Friday, Jan. 13, 1961
The Three-Front War
At a closed-door session on Capitol Hill last week, Secretary of State Christian Herter made his final report to the Senate Foreign Relations Committee on U.S. affairs abroad. Afterward, Tennessee's Democratic Senator Albert Gore summed it up for newsmen. What Herter presented, said Gore, was "not a very encouraging review." That was something of an understatement in a week when the underlying conflict between the West and Communism erupted on three fronts. While Communists were undermining United Nations efforts to rescue the Congo from chaos, two other Communist offensives stirred the Eisenhower Administration into emergency conferences and serious decisions.
1) CUBA. Hours after a parade of his new Soviet tanks and artillery. Dictator Fidel Castro suddenly confronted the U.S. with a blunt and drastic demand: within 48 hours, the U.S. had to reduce its embassy and consulate staffs in Cuba to a total of eleven persons (the embassy staff alone totaled 87 U.S. citizens, plus 120 Cuban employees). President Eisenhower held an 8:30 a.m. meeting with top military and foreign-policy advisers, decided to break off diplomatic relations immediately. "There is a limit to what the United States in self-respect can endure," said the President. "That limit has now been reached."
Through Secretary Herter, Ike offered President-elect Kennedy an opportunity to associate his new Administration with the breakoff decision. Kennedy, through Secretary-designate of State Dean Rusk, declined.
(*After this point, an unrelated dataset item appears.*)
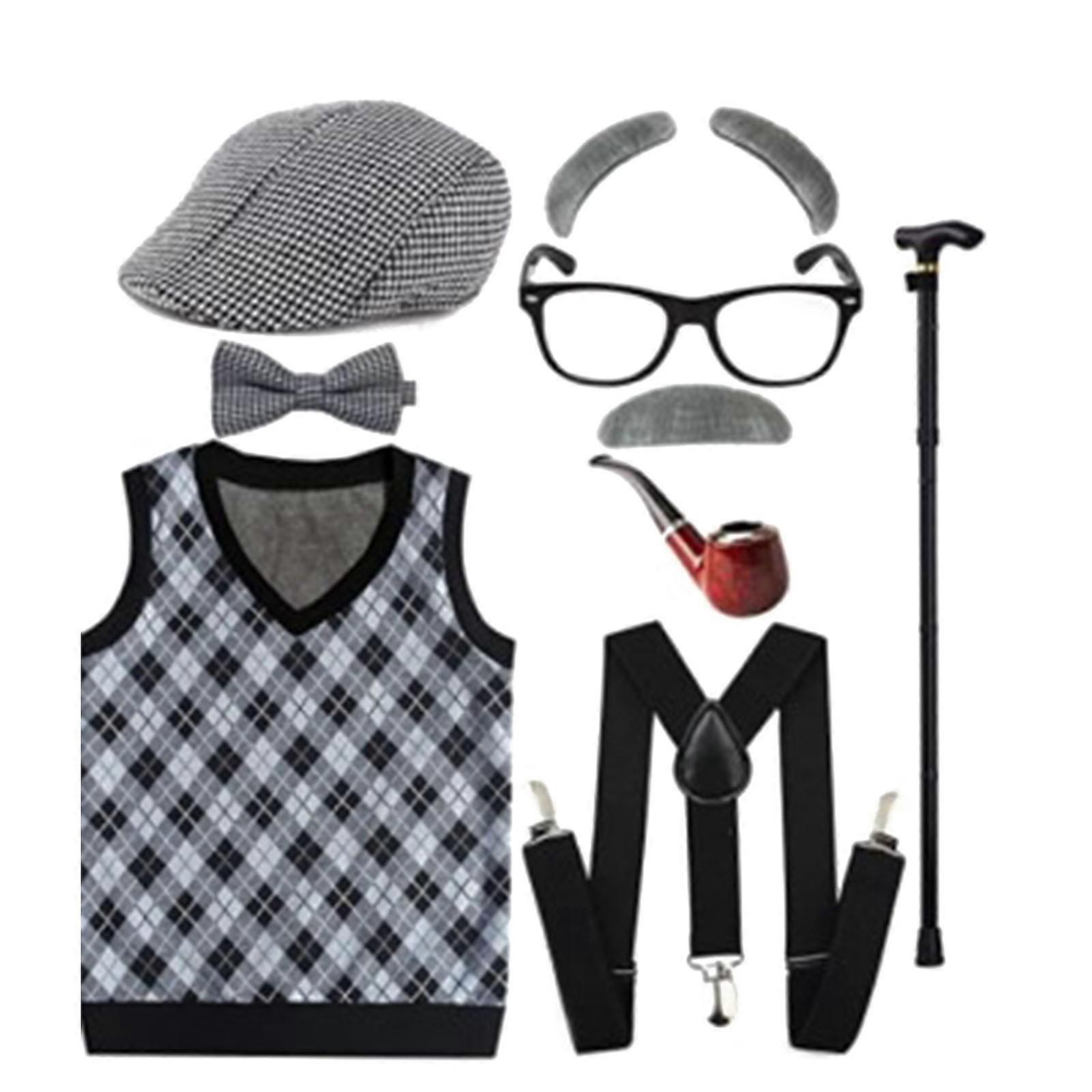 Grey wig role play cos fashion granny glasses chain wig cap necklace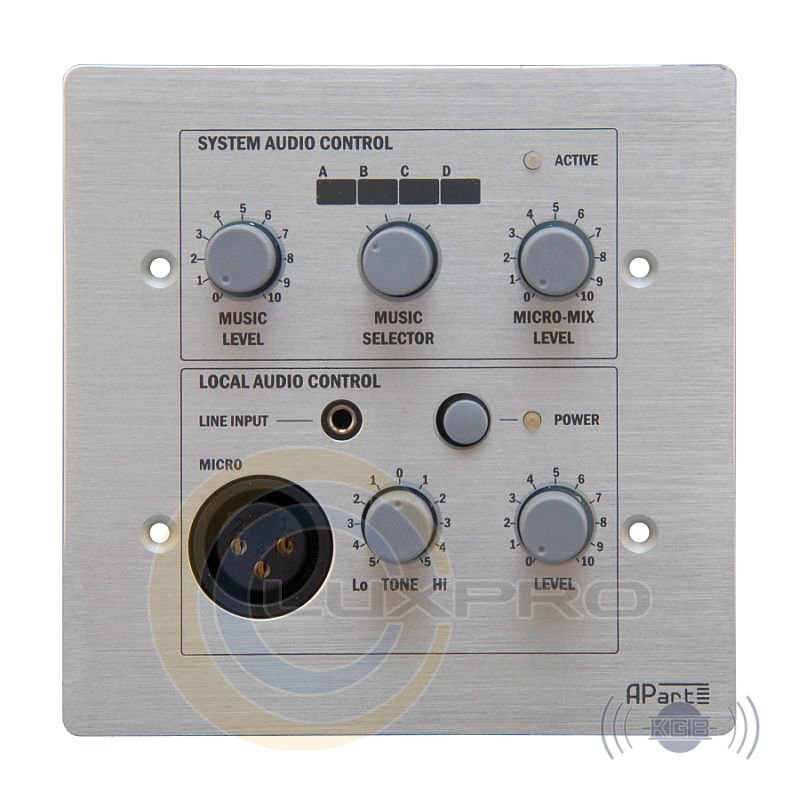 APart PM1122RL - проводная панель управления для предусилителя PM1122, позволяет регулировать громкость микрофонов, громкость фоновой музыки и выбрать источник фоновой музыки. APart PM1122RL имеет возможность подключения локального микрофона к разъему XLR и/или источника линейного аудио сигнала к разъему mini Jack на передней панели. К разъему mini Jack также могут подключаться источники аудио сигнала с выходом для наушников, такие как IPod, портативный MP3 проигрыватель или компьютер. Фантомное питание локального микрофона включается при помощи перемычки с обратной стороны панели управления.Панель устанавливается в монтажную коробку BTicino серии 506. Также вы можете использовать монтажные коробки поставляемые APart: настенную монтажную коробку BB2 с размерами 116 x 116 x 56 мм или встраиваемую в стену монтажную коробку BBi2 с размерами 93 x 101 x 40 мм. Винты для крепления панели к монтажной коробке поставляются в комплекте.Панель подключается к предусилителю при помощи стандартного кабеля CAT5 прямой разводки (компьютер - хаб), длиной до 300 метров. Одновременно может быть подключена только одна панель APart PM1122RL к каждой зоне предусилителя PM1122.Размеры APart PM1122RL : 93 x 101 мм (40 мм глубина за фланцем)Передняя панель PM1122RL- Регулятор громкости музыки

He thus kept his hands free for any action after Jan. 20, although reaction to the break was generally favorable in the U.S. and Latin America (see THE HEMISPHERE).
2) LAOS. After a White House huddle between the President and top lieutenants, the Defense Department reacted sharply to a cry from the pro-Western government of Laos that several battalions of Communist troops had invaded Laos from North Viet Nam. "In view of the present situation in Laos," said the Pentagon's announcement, "we are taking normal precautionary actions to increase the readiness of our forces in the Pacific." Cutting short a holiday at Hong Kong, the aircraft carriers Lexington and Bennington steamed off into the South China Sea, accompanied by a swarm of destroyers, plus troopships loaded with marines. On the U.S.'s island base of Okinawa, Task Force 116, made up of Army, Navy, Marine and Air Force units, got braced to move southward on signal.
But by week's end the Laotian cry of invasion was read as an exaggeration (see FOREIGN NEWS), and the U.S. was agreeing with its cautious British and French allies that a neutralist--rather than a pro-Western--government might be best for Laos.
French & Indians. There was a moral of sorts in the Laotian situation that said much about all other cold-war fronts. Political, economic and military experts were all agreed that chaotic, mountainous little Laos was the last place in the world to fight a war--and they were probably right. "It would be like fighting the French and Indian War all over again," said one military man. But why was Laos the new Southeast Asian battleground?
At Geneva in 1954, to get the war in Indo-China settled, the British and French gave in to Russian and Communist Chinese demands and agreed to the setting up of a Communist state, North Viet Nam --which then, predictably, became a base for Communist operations against neighboring South Viet Nam and Laos. The late Secretary of State John Foster Dulles considered the 1954 Geneva agreement a specimen of appeasement, saw that resolution would be needed to keep it from becoming a calamity for the West. He began the diplomatic discussions that resulted in the establishment of SEATO. "The important thing from now on," he said, "is not to mourn the past but to seize the future opportunity to prevent the loss in northern Viet Nam from leading to the extension of Communism throughout Southeast Asia."
Russian tanks and artillery parading through the streets of Havana, Russian intrigue in the Congo, and Russian arms drops in Laos (using the same Ilyushin transports that were used to carry Communist agents to the Congo) made it plain once more that the cold war was all of a piece in space and time. Soviet Premier Khrushchev sent New Year's hopes for peace to President-elect Kennedy, and got a cool acknowledgment in reply. Considering the state of the whole world, the cold war's three exposed fronts did not seem terribly ominous; but, in Senator Gore's words, it was "not a very encouraging" situation that would confront John F. Kennedy on Inauguration Day.